Mistral Discord Summary

  • Mistral AI Discussion: Various aspects of Mistral AI were discussed broadly, such as limitations in verbosity and tokenizer differences, as noted by @.skyair, @flopsy1, and @meyelo. Suggestions for efficient system prompts and integrating certain technologies with Mistral 7B were also shared by @The Ledger Luminary and @.tanuj.. GitHub link to tokenizer discussion.
  • Deployment and Performance Insights: Observations on running Mistral AI on certain hardware like the A100 GPU and a Dell Precision 5500 laptop were mentioned by @builderx and @rorolembrouille respectively. Additionally, @rorolembrouille queried about AWS deployment costs and inference times, prompting a response of around 1 token/s from @frosty04212.
  • Fine-Tuning and Model Use: Community interest in finetuning the base model for specific applications was highlighted by @lerela casper_ai. @pradeep1148 further shared a YouTube video demonstrating the Mixture of Vectors (MoV) approach for efficient finetuning.
  • Model Comparison and Performance: Users, particularly @.gue22, compared Mistral with GPT-4, expressing dissatisfaction with specific Mistral responses. In contrast, @bam4d clarified suitable model comparisons, suggesting Mixtral or mistral-medium as higher-performing options.
  • Progress towards AGI and Collaboration: User @poltronsuperstar shared progress on using LLMs efficiently, planning a shift from GPT-4 to mistral-medium, and starting a project from scratch. The objective was to facilitate collaborative attempts towards AGI, inviting community participation.
  • Community Contributions and Requests: In addition to PRs aimed at persisting stats and enhancing docstrings/types, issues with markdown document generation and formatting problems with Mistral models were raised in a conversation involving @thesealman, @bam4d, and @poltronsuperstar.
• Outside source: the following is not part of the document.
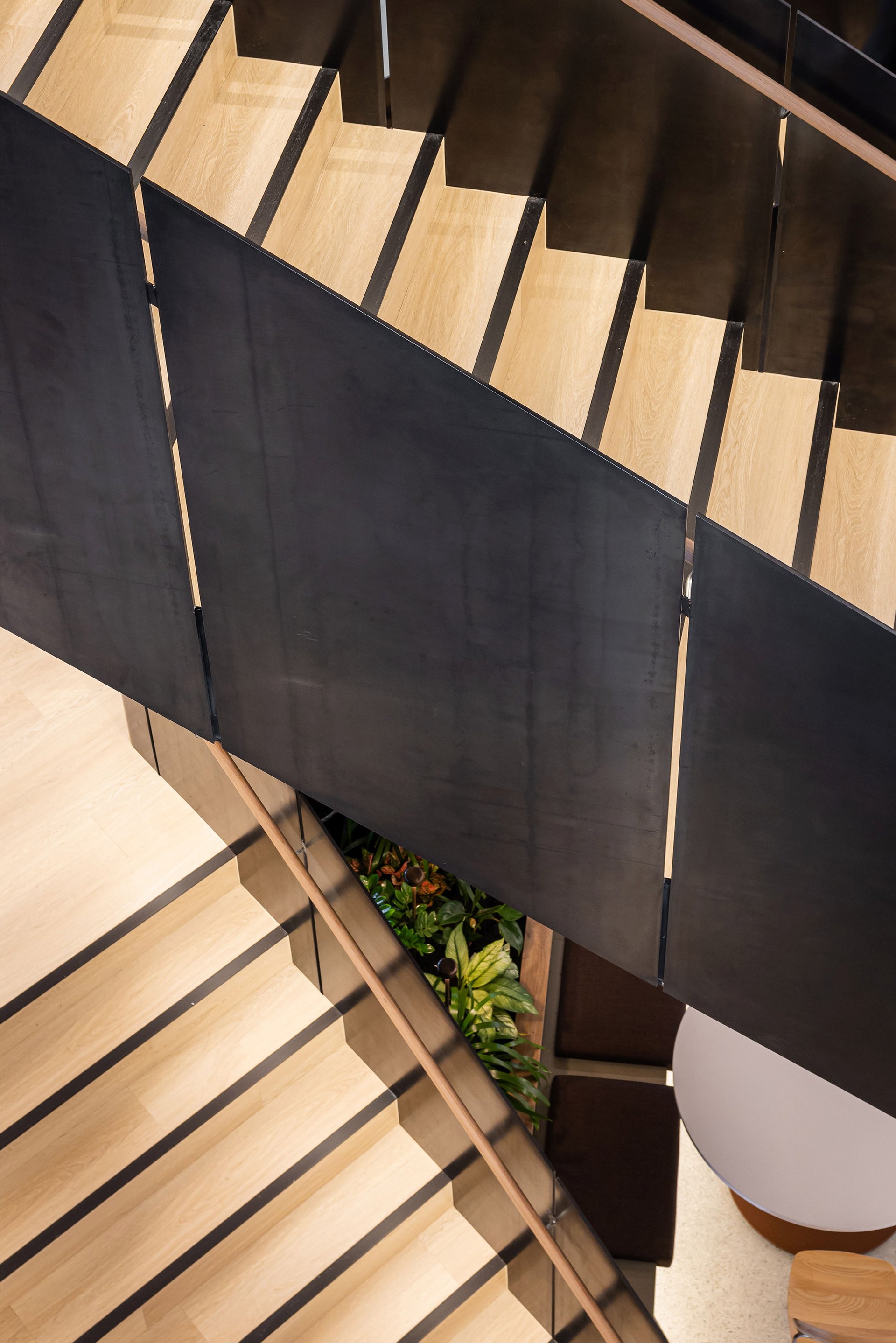 At the heart of this new workplace is a striking three-storey spiral staircase, collaboratively designed by Asentis and WMK Architecture. Crafted from custom blackened steel plates, the stair is both a functional connector and a visual focal point that embodies modernity and connectivity. Its seamless integration of Indigenous design elements, alongside warm touches like timber vinyl flooring and handrails, creates a space that’s as inviting as it is innovative. The result is a transformative architectural feature that strikes a perfect balance between industrial aesthetics and a welcoming atmosphere, encouraging collaboration and interaction among employees.

A community logo initiative was proposed by @m1337d in the #random channel.

Mistral Channel Summaries

▷ #general (20 messagesđŸ”„):

  • Mistral’s Verbosity: A discussion was initiated by @.skyair and @flopsy1 on the verbosity of Mistral’s responses, even to yes/no questions. @lee0099 suggested limiting tokens and using a stricter system prompt to mitigate this.
  • Tokenizer Differences: @meyelo and @sublimatorniq talked about the use of a different tokenizer in Mistral, with a link to its GitHub repository found here.
  • Prompt Instructions: @The Ledger Luminary provided advice on preparing a more effective system prompt for Mistral. They suggested changing a paragraph of instructions into an itemized list of constraints.
  • Combining Technologies: @ton1785 asked for insights and experiences on integrating GPT pilot or GPT Engineer with Mistral 7B. @.tanuj. offered their observations, mentioning that their work was closer to a “prompt -> functioning project” pipeline.
  • Issues with Flagged Content: @mka79 raised an issue about their therapy session content being flagged by OpenAI’s GPT-4 API. While the issue wasn’t resolved, the user expressed interest in using Mistral Medium for generating longer outputs.
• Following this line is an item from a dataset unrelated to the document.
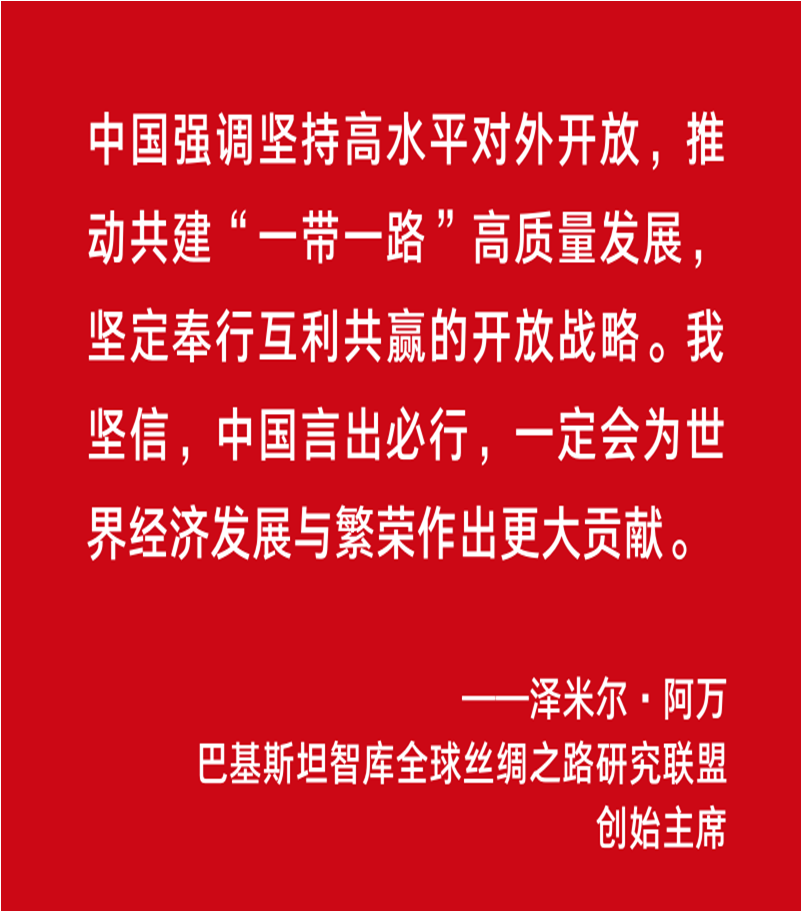 巴基斯坦智库全球丝绸之路研究联盟创始主席泽米尔·阿万在实时收听了中共二十大报告后说,中国强调坚持高水平对外开放,推动共建“一带一路”高质量发展,坚定奉行互利共赢的开放战略。“我坚信,中国言出必行,一定会为世界经济发展与繁荣作出更大贡献。”

▷ #models (9 messagesđŸ”„):

  • Using GPU for Model: @serhii_kondratiuk was trying to understand why his GPU wasn’t being used during computation. @iukea suggested checking the model’s load time and ensuring that the GPU was actually in use. @serhii_kondratiuk later found a solution by selecting GPU Offload and setting some layers for GPU utilization.
  • Clarification on RAM and VRAM: @iukea asked @serhii_kondratiuk to verify if he meant RAM or VRAM when discussing memory load. @serhii_kondratiuk did not answer the question directly but mentioned a solution that involved adjusting the GPU settings.
  • False Flags in Gemini: @mka79 raised an issue where Gemini was “consistently” false flagging. The error would appear when the response was 99% complete, which was found to be both amusing and annoying. The user did not provide a further context about the issue or a potential solution.

▷ #deployment (6 messages):

  • Mistral AI Performance on Different Systems: User @builderx indicated that the performance of the A100 GPU was disappointingly slow.
  • Query about Running Mistral AI on a Specific Laptop: @rorolembrouille asked whether they could run a Mistral AI open source LLM on their Dell Precision 5500 laptop, which has a decent GPU. @frosty04212 suggested they give it a try, noting that the optimal workflow would depend on their specific use case.
  • Inference Time for Mistral AI: @rorolembrouille queried if the computation could take hours in the worst case, to which @frosty04212 responded that unless using an inefficient system, the inference time is more likely to be around 1 token/s.
  • Cost Analysis for Running Mistral AI on AWS: @rorolembrouille inquired if anyone had calculated the cost per token for running the Mistral AI on AWS or a similar cloud platform. No specific answer was provided in the messages.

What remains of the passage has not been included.